RH: The sanctions have only been tightened to the current degree since December 2011; do you think all of the economic hardships of Iran are the outcome of sanctions?

SB: I mentioned the lack of confidence in the Iranian economy which is a major factor contributing to the current economic climate. The economic growth slowed down in Iran as a result of a decline in oil exports caused by the sanctions. Moreover, the lack of confidence in the domestic markets pushed Iranians to invest in non-rial assets, mainly in foreign currencies and gold, which contributed to inflation in foreign exchange and gold markets. Such inflation combined with the government’s fiscal policies has further pushed the prices in Iran up, particularly in the food and property markets. Therefore, some of the current issues in the Iranian economy are not directly caused by the oil embargo or the sanctions on the financial sector. Instead they are by-products of the lack of confidence in the domestic economy due to the international sanctions.

RH: Does civil society have the capacity to contribute to economic development?

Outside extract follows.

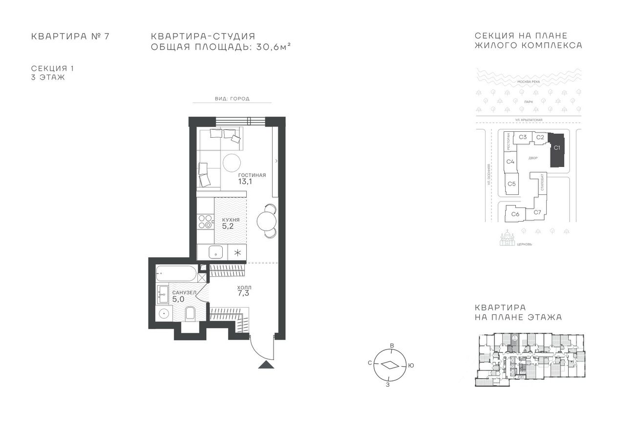 Успейте стать частью уникального проекта премиум-класса на западе Москвы! В продаже квартиры: 1-комнатные от 28,1 м²; 2-комнатные от 61,2 м²; 3-комнатные от 86,6 м²; 4-комнатные от 110,7 м². Первый взнос от 30%! Рассрочка на 2 года без переплат! Крылатское 33 это премиальный жилой комплекс от специализированного застройщика ООО "Сияние". Самый высокий небоскрёб в районе, достигающий отметки в 150 метров и малоэтажный клубный формат высотой от 42 метров на приватной территории площадью 1,4 га. Великолепные виды на излучину Москва-реки, Живописный мост и урбанистический облик города. Эксклюзивные форматы квартир с панорамным остеклением и патио-террасами. Двухуровневый паркинг на 271м/м, премиальные входные группы, ресторан высокой кухни, детский сад и эко-маркет на территории комплекса. Эксклюзивные преимущества: доступ к wellness-центру, коворкингу и клубной гостиной только для резидентов. Над проектом работали именитые российские архитектурные бюро: архитектор проекта бюро "Остоженка", планировочные решения от бюро Александры Федоровой. Расположение Пешком: 5-7 минут - до парка Звезд, Крылатского парка и набережной Москвы-реки; 15 минут - до метро Крылатское Арбатско-Покровской линии; 15 минут - до пристани Крылатская. На автомобиле: 10 минут - до Третьего транспортного кольца; 15 минут - до Садового кольца и Москва- Сити; 20-30 минут - до Аэропорта Внуково; 30-40 минут - до Аэропорта Шереметьево. В 300 метрах от комплекса - удобная транспортная развязка с проспектом Маршала Жукова, обеспечивающая легкий доступ к ключевым магистралям. Благоустройство: Просторная общественная гостиная; Коворкинг с кофе-баром, комфортные переговорные зоны с быстрым wi-fi, зарядными устройствами и библиотекой; Пространство friends lab для организации клубных мероприятий; Wellness-центр с фитнес-залом и массажными кабинетами; Ресторан высокой кухни; Частный детский сад; Детское кафе; Современный детский playhub; Спортивные площадки; Гипоаллергенный сад, безопасные водные пространства, декоративные пруды и сухие фонтаны; Высокоскоростные бесшумные лифты; Разделение зон для резидентов квартала и сервисного обслуживания. Окружение: - парки: Крылатские холмы, природно-исторический парк Москворецкий, Серебряный Бор; - учебные заведения: 5 образовательных комплексов, в которые входят 15 детских садов и 12 школьных корпусов. В удобной транспортной доступности гимназия им. Е. М. Примакова и международный лицей The International School of Moscow; - уникальные спортивные сооружения: гребной канал "Крылатское", легендарный велотрек "Крылатское", "Лата Трэк" для горнолыжников и сноубордистов, ледовый дворец "Крылатское"; - единственный в Москве парк развлечений под открытым небом, включающий более 70 вариантов досуга для любого возраста и времени года. Срок сдачи проекта: 2 квартал 2027 года. Финансирование и эскроу-счет обеспечены банком МКБ.

SB: Indeed civil society has an enormous capacity to contribute to social and economic development. There are various social and economic challenges which civil society movements can target. For instance, issues like poverty reduction, women’s empowerment, children protection, and education are amongst those areas in which there is enough room for civil society to engage. There are a number of successful experiences, particularly in Asian economies, demonstrating that civil society has played an important role in large scale regional women’s financial empowerment and poverty eradication programs.

Dr. Sara Bazoobandi is a research fellow at the Middle East Institute of the National University of Singapore. She is an economic analyst with particular research interest in energy and political economics of the Gulf’s oil rich countries. She has done extensive research on various aspects of the Gulf sovereign wealth funds, and has recently published the book Political Economy of the Gulf Sovereign Wealth Funds: A Case Study of Iran, Kuwait, Saudi Arabia and the UAE. She holds an MSc in Economics from University of Reading and a PhD in Middle Eastern Studies from the Institute for Arab and Islamic Studies of Exeter University.